- Pitcher / Third base
- Born: April 12, 1929 (age 97) Havana, Cuba
- Bats: RightThrows: Right
- Stats at Baseball Reference

Teams
- Peoria Redwings (1948); South Bend Blue Sox (1948);

Career highlights and awards
- Cuban Sports Hall of Fame (2010);

= Luisa Gallegos =

Cuban baseball player

Luisa Gallegos (born April 12, 1929) is a former pitcher and infielder who played in the All-American Girls Professional Baseball League (AAGPBL) in the season. She batted and threw right handed.

Born in Havana, Luisa Gallegos was one of seven girls born in Cuba to play in the All-American Girls Professional Baseball League in its twelve years history.
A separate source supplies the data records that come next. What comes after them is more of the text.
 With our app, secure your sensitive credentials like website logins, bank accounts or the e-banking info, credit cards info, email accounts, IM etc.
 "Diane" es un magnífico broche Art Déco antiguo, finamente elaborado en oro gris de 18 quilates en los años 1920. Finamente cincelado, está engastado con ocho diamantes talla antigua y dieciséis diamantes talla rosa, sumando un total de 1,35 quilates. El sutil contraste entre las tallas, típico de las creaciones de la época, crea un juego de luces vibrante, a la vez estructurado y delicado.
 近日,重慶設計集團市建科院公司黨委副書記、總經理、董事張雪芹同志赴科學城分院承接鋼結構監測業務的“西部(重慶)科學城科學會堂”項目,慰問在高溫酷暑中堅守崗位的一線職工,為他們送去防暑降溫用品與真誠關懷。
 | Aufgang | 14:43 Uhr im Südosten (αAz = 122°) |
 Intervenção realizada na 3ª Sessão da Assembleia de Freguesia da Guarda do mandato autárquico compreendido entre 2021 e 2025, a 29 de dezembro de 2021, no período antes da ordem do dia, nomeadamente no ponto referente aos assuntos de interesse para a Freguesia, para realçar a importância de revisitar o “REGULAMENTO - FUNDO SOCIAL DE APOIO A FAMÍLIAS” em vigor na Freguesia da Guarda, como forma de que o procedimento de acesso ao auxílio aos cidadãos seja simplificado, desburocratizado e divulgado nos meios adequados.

She began playing at age 12 with the boys at her neighborhood park, until her playground skills took her to play organized baseball with the Cubaneleco Club managed by Alfredo Rodríguez.
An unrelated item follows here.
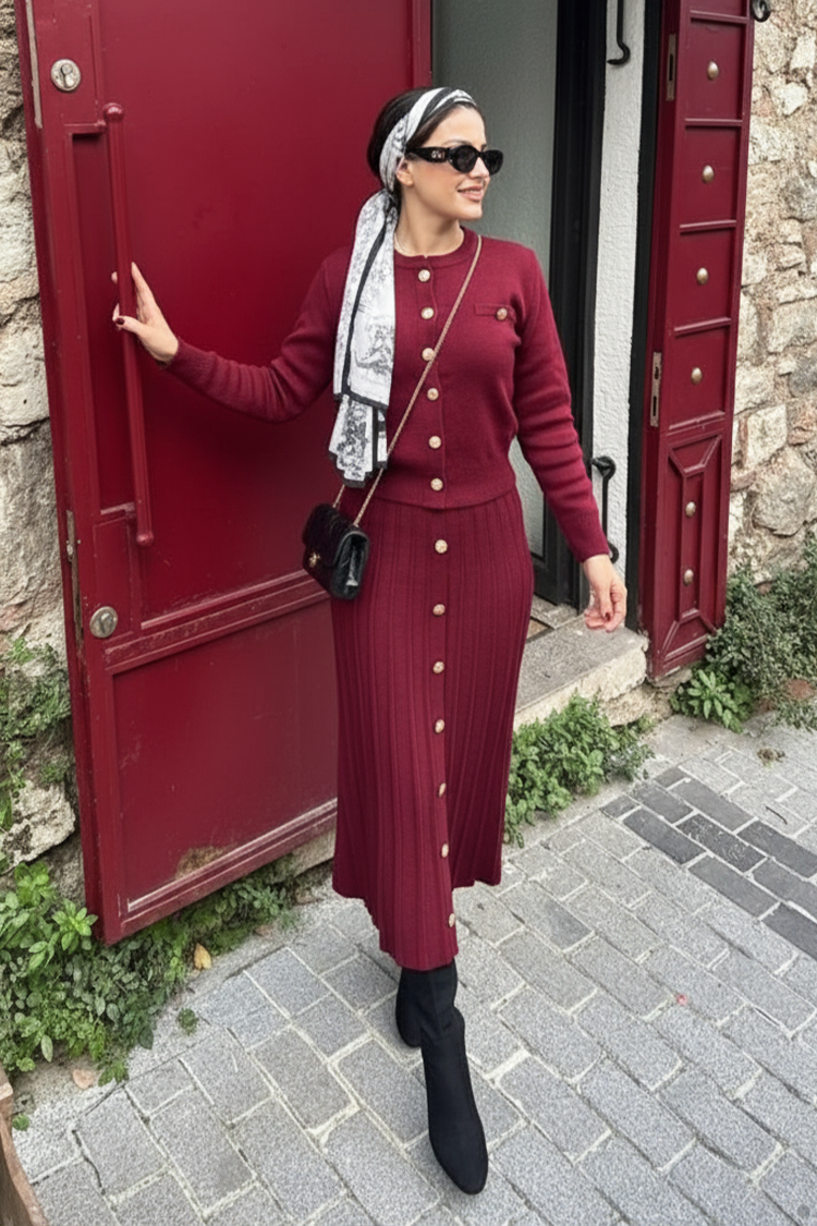 - Modelul are o fustă midi cu nasturi spectaculoși pe lungime și un cardigan cu o croială clasică.

Besides Gallegos, other Cubanas who played in the AAGPBL were Isabel Alvarez, Isora del Castillo, Mirtha Marrero, Migdalia Pérez, Gloria Ruiz and Zonia Vialat. All of them debuted in 1948. The next year, Isora del Castillo and Isabel Alvarez were added.

Gallegos was assigned to the Peoria Redwings, playing for them the first half of the season before joining the South Bend Blue Sox. She opened at third base and later was used as a spot starter.

In 1988, Gallegos and the other Cuban girls were honored during the opening of Women in Baseball, a permanent display based at the Baseball Hall of Fame and Museum in Cooperstown, New York, which was unveiled to honor the entire All-American Girls Professional Baseball League. Another tribute to the AAGPBL players came with the 1992 film A League of Their Own, featuring Tom Hanks, Geena Davis and Madonna, and directed by filmmaker Penny Marshall.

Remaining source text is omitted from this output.